The basics of data joining

What is data joining?

Let’s say you’re managing an online store. You’re running paid ads across popular social media platforms. You want to know what channels bring in the most revenue. To do this, you need to combine your paid social data with data from Shopify.

Or you want to see how your ecommerce funnel looks. For example, what pages customers visited and what products they added to their shopping cart before purchasing. In this case, you can connect Google Analytics data with Shopify data.

That’s a rough description of data joining. Whenever you join data from multiple data sources into a single dataset, you’re performing data joining. Data joining works when your joined data sources share at least one common dimension, or a ‘join key’.

Typically, business accumulates data from different sources. Without combining all the data, you’re missing the whole picture of your performance. Data joining helps you:

  • Uncover valuable insights from separate data sources.
  • Discover meaningful relationships among data sets.
  • Make better data-informed decisions.

Different types of joins

  • Inner join means combining data from both sources — matching it where the join keys are the same and dropping the data that doesn’t match.
  • Outer join means taking all the data from both sources — matching it where the join keys are the same. And finally, in the joined table, padding the non-matching columns with empty values.
  • Left join means taking all the data from the left table and the matching data from the right table where the join keys are the same.
  • Right join, similarly, means taking all the data from the right table and the matching data from the left table where the join keys are the same.
Different types of data joining

So, does data joining have anything to do with data blending?


Spoiler alert: It does. Data blending in Data Studio is a left outer join.

Data blending in Google Data Studio

By default, when you create a chart in Google Data Studio, you’re pulling data from a single data source. However, you can connect multiple data sources and visualize them together in a chart or a table with data blending.

Data blending is a left outer join

To blend data, you need to choose:

  • A primary source: the first (or leftmost) data source that you add to the ‘Blend data panel.’
  • At least one secondary source: any data sources added to the right of the primary source
  • A join key

Since data blending in Data Studio is a left outer join, the blended data will include all data from the primary data source and matching data from secondary sources that share the same join key.

Let’s take a look at the example below.

Here, Google Ads has conversion data from five countries: the United States, Germany, Finland, France, and Australia.

Facebook Ads has conversion data from seven countries: the United States, Germany, France, Ireland, India, Singapore, and Spain.

Conversions by country from Google Ads and Facebook Ads

If you pick Google Ads as your primary data source, the blended result will show conversions from the United States, Germany, Finland, France, and Australia only. Since Ireland, India, Singapore, and Spain aren’t included in Google Ads (your primary source), the data will be excluded from the blended table.
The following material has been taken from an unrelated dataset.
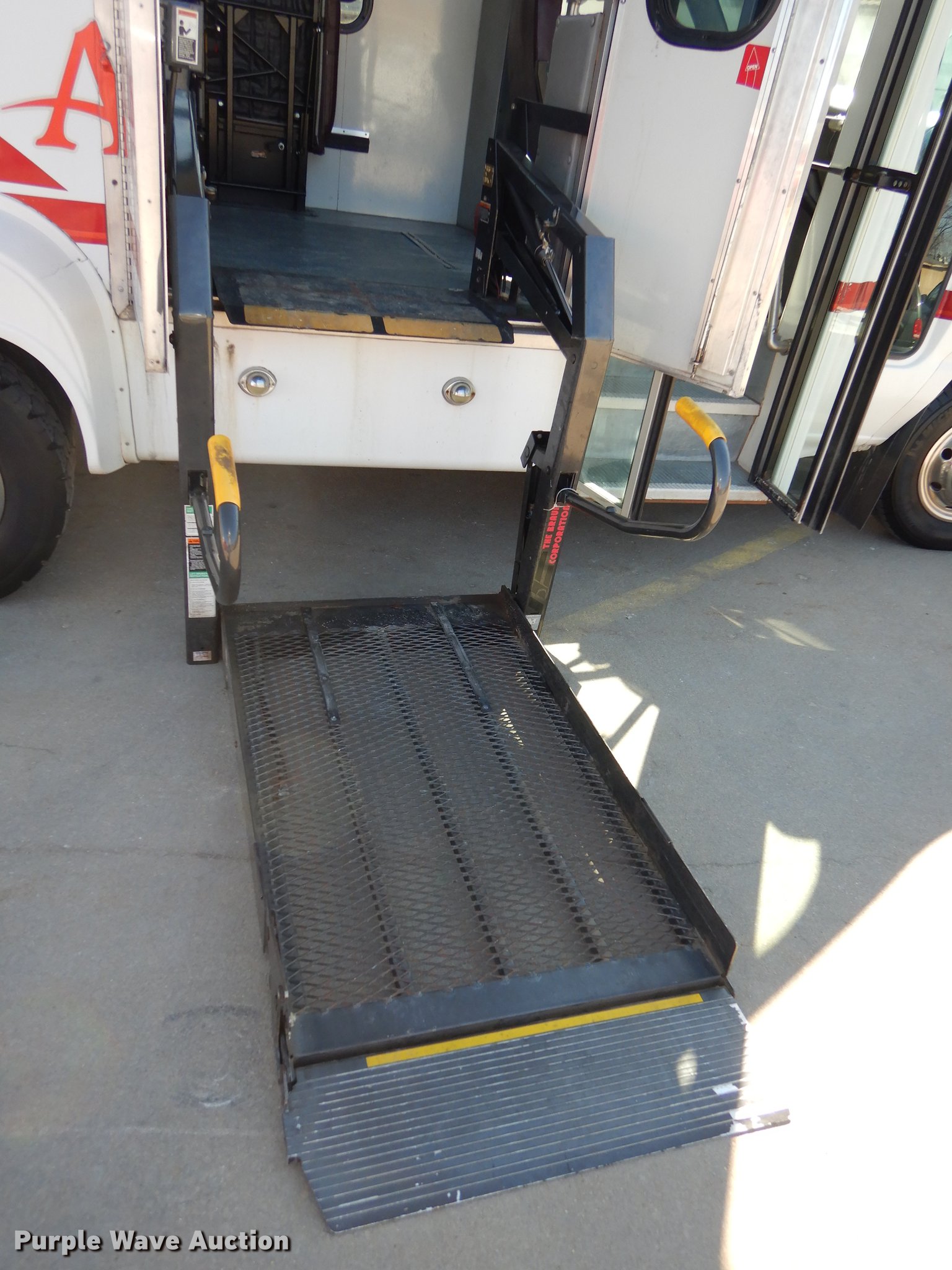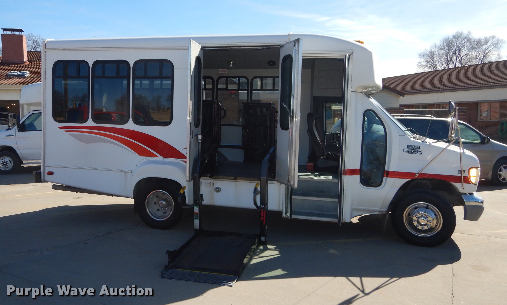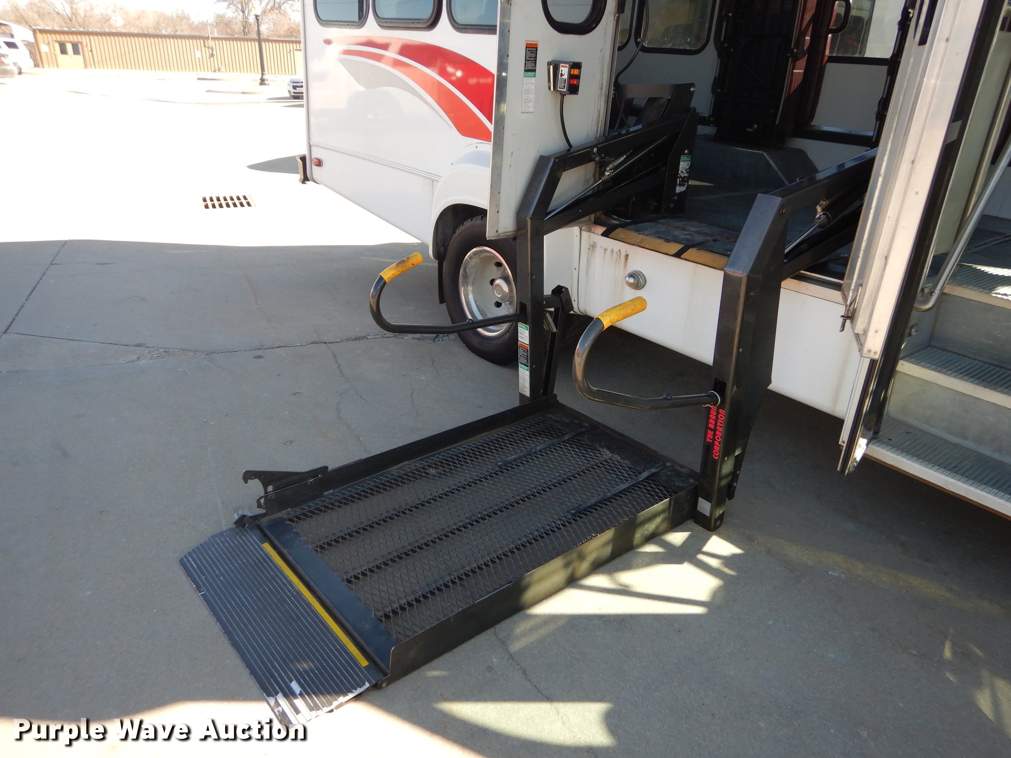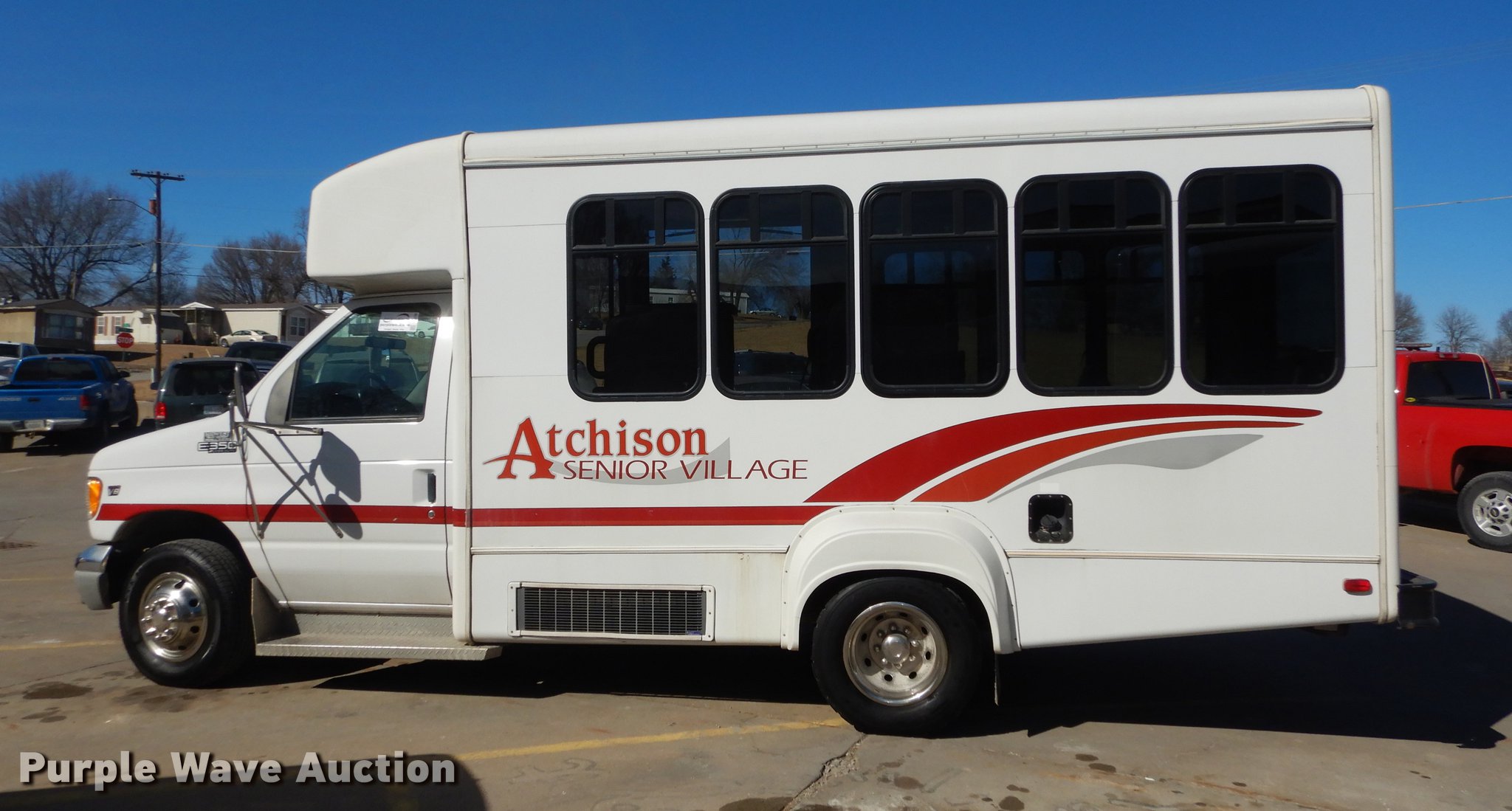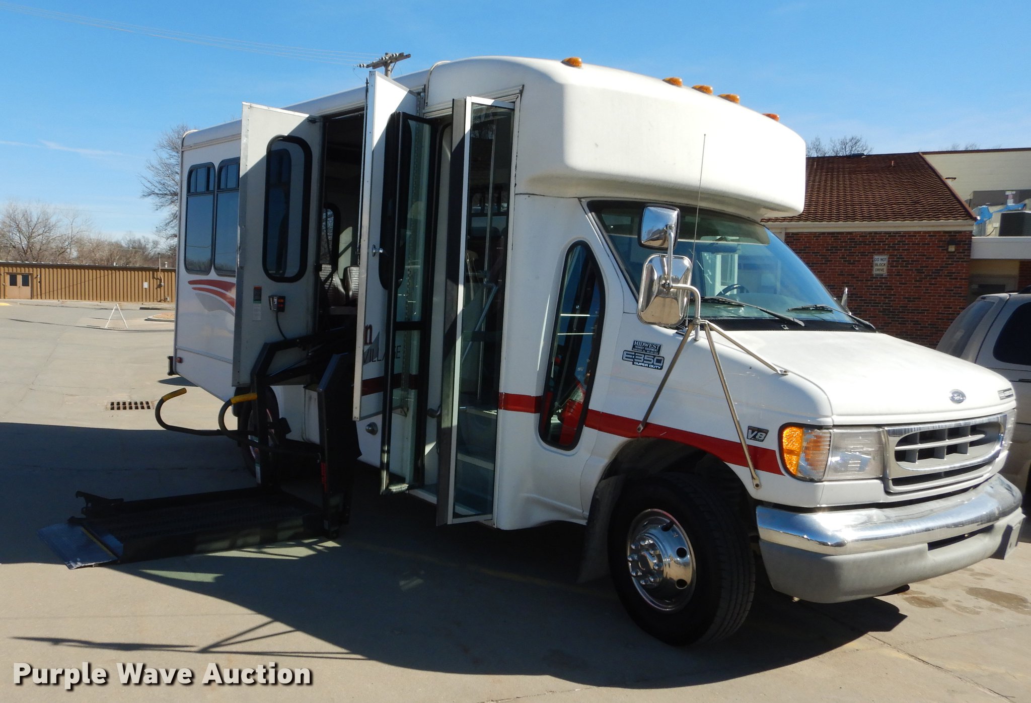 Purple Wave is selling a used Bus in Kansas. This item is a 2000 Ford Econoline E350 Super Duty Goshen Coach shuttle bus with the following: 96,942 miles on odometer, 7.3L V8 OHV 16V turbo diesel engine, Automatic transmission, Single axle, AC and heat, AM/FM/CD, Rear AC, Vinyl interior, Nine passenger capacity, Seat belts, Braun L915 wheelchair lift, Serial A107022214C8, (2) wheelchair tie down areas, Rear and side emergency exits, Carrier roof AC units, Receiver hitch, Spring suspension, Hydraulic brakes, 144" wheelbase, 225/75R16 tires, GVWR 10,700 lbs, Drivers seat torn, Decals will be removed prior to auction

You can also see Finland, which has data in the Google Ads table and not in the Facebook Ads table, will stay in the blended table. However, its Facebook Ads conversion value will be ‘null’.

Blended conversions by country from Google Ads and Facebook Ads

Alternatively, if Facebook Ads is your primary source, your results will be conversion data from the United States, Germany, France, Ireland, India, Singapore, and Spain.

Blended conversions by country from Facebook Ads and Google Ads
Bartosz Schneider
“Any data that is not present in your primary table will be lost, and that’s the first thing you have to watch out for. It makes sense to choose the longest table as the primary source (the left table for the blend). Otherwise, you may lose some important data during the process.”
Bartosz Schneider, Lead Analytics Consultant, Supermetrics

In Google Data Studio, the first data source you bring into the ‘Blend data’ view is your primary source. Changing the order of the data source is pretty straightforward. All you have to do is drag and drop the data source to the position you want.

Create a blended source

How to create a blended data source

There are two approaches you can use to blend your data.

The first approach is quite quick and easy. If you have two tables with a common dimension, you can select both tables, right-click, and choose ‘Blend data’. Data Studio will quickly combine two tables into one. Then, automatically generate a blended data view based on the fields provided in the source tables.

How to blend two table in Google Data Studio

The second approach requires more steps, but it gives you a little more control of your data.

To start, click on ‘Resource’ → ‘Manage blended data’.

Manage blended data Google Data Studio

Next, open your ‘Blend data’ view by clicking on ‘Add a data view’.

Then, add the data sources you want to blend. Remember, the first data source you add to the view will become your primary source.

Data blending panel

From here, you can choose the join keys, dimensions, and metrics you want to blend.

Tip: Give your blended data source a name so it’s easy to distinguish from other sources later on.

Give your blended data source a name

After you’re happy with the setting, click ‘Save’.

Start building charts with your blended data source by adding it to the ‘Data source’ field.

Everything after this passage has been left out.